The other city councilor in the race – De León, a former head of the state Senate representing a district that covers downtown LA and much of the Eastside – voted in favor of the anti-ordinance -targeted camping, but thinks it should be used more sparingly.

“If you run 41.18 all over town then all you do is move people around,” said De León, comparing the massive app without adequate housing options to a set of musical chairs that will inevitably leave a lot of people behind. with no place to go.

Bass echoed this sentiment, saying empowering individual council members means the city won’t view homelessness as the regional problem it has become.

“The idea that it’s a district-by-district council, I think takes away the need for a city and county-wide approach,” Bass said.

She said there must be rules governing the way people live on the streets and that an increased number of city-funded outreach workers should lead the way – even if police are still involved but behind. -plan.

Buscaino said that although there should be an expansion of awareness, no one should be allowed to sleep on the streets: “For those who are not ready to accept help, we cannot abandon these people. , but at the same time, we must have standards in our streets.

Buscaino is also pushing for a voting measure before voters in November that would completely ban homeless settlements in public spaces.

Feuer, who as the city’s lawyer was instrumental in crafting these highly controversial ordinances, said he didn’t like using resolutions to block off parts of the city. He was, however, in favor of outright bans on sleeping in certain places, such as near existing homeless shelters, saying that communities were unlikely to accept new housing facilities in their neighborhoods if they believed large settlements. will follow.

Feuer was also dissatisfied with the work of the Los Angeles Homeless Services Authority, saying that this jointly-sponsored authority where city and county contribute funding is an outdated and inefficient model. He said he did not yet know what the best alternative was and that the city should make an effort to find a better model if it decides to back down.

Buscaino called on the city to pull out of LAHSA, saying it should create its own agency that would be accountable to the council.
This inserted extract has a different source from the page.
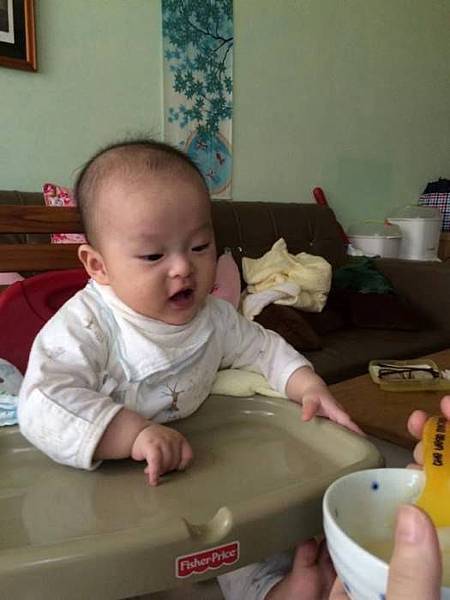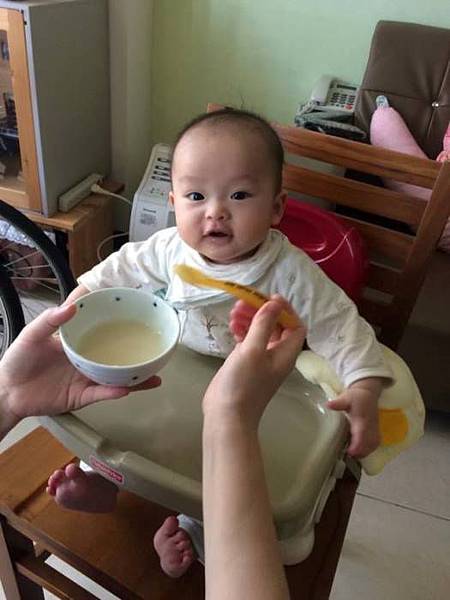 今天小范糰的外公外婆來看乖孫,媽媽看我們買了寶寶餐椅,要我趕快給小范糰坐著吃米糊。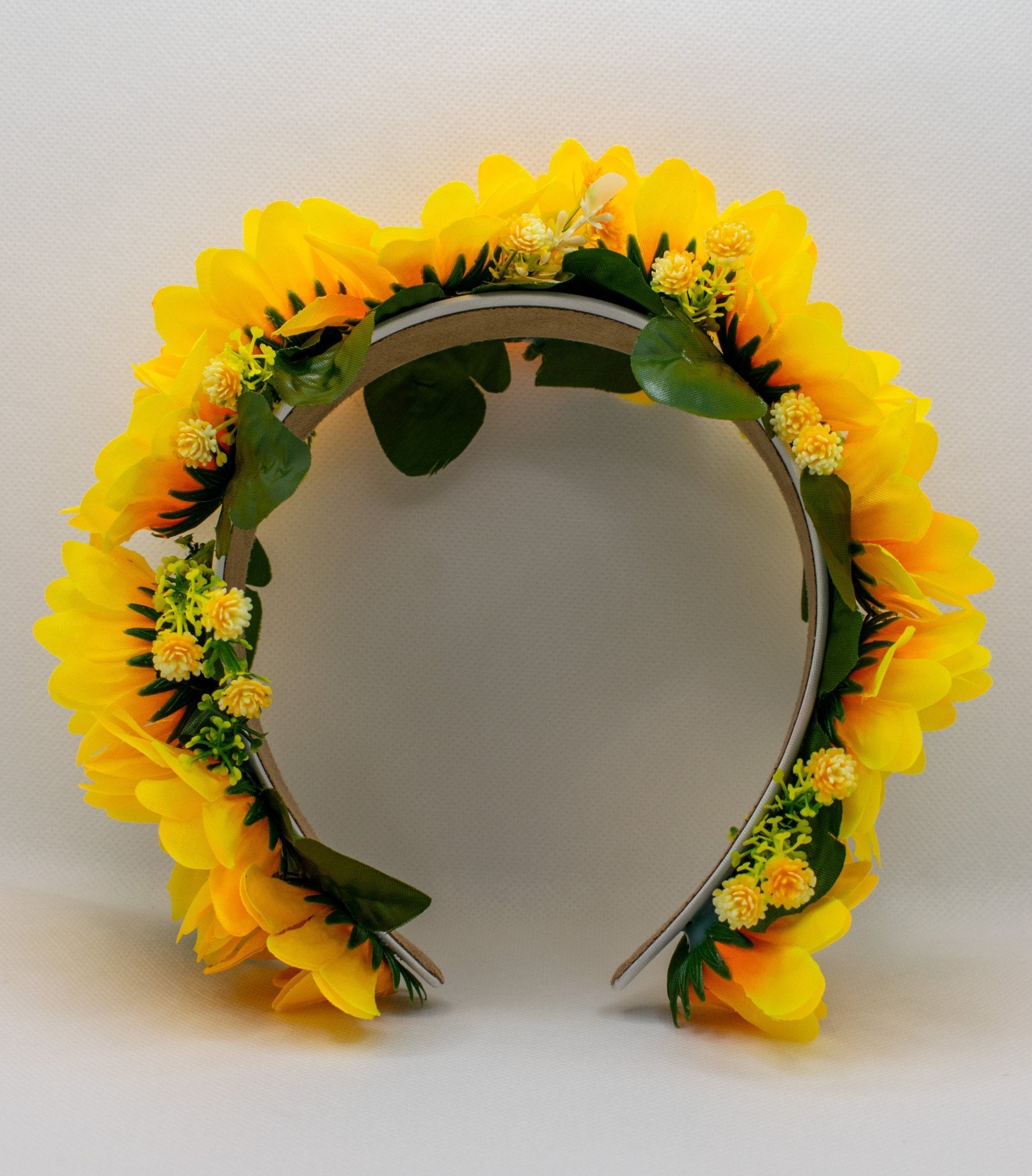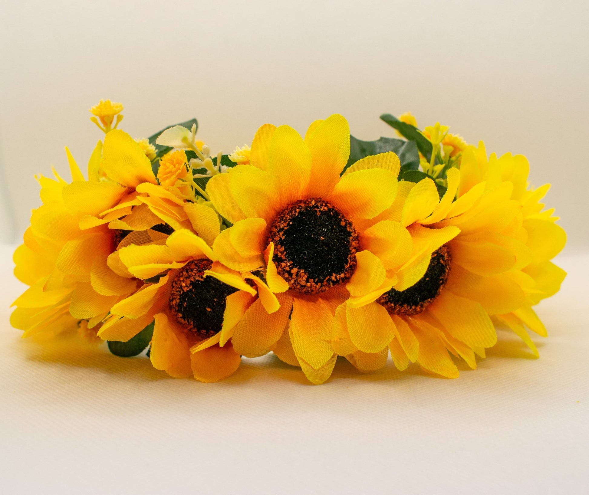 Introducing our enchanting Sunflower Flower Crown, a delightful accessory that embodies the essence of Ukrainian symbolism and natural beauty. Handcrafted with exquisite artificial sunflowers, this crown represents happiness, vitality, abundance, prosperity, admiration, and adoration.

Other candidates have raised the possibility of leaving LAHSA, but not in such final terms.

Lall proposed to create a city-wide public health service and also potentially move mental health services under city jurisdiction.

The downtown business leader said her decision to run was in part shaped by the death of her younger brother, who suffered from drug addiction and mental health issues that ultimately claimed his life.

“I know that no one can really get better in a tent, and we have to do better in terms of providing housing and services and acting with much greater urgency,” said Lall.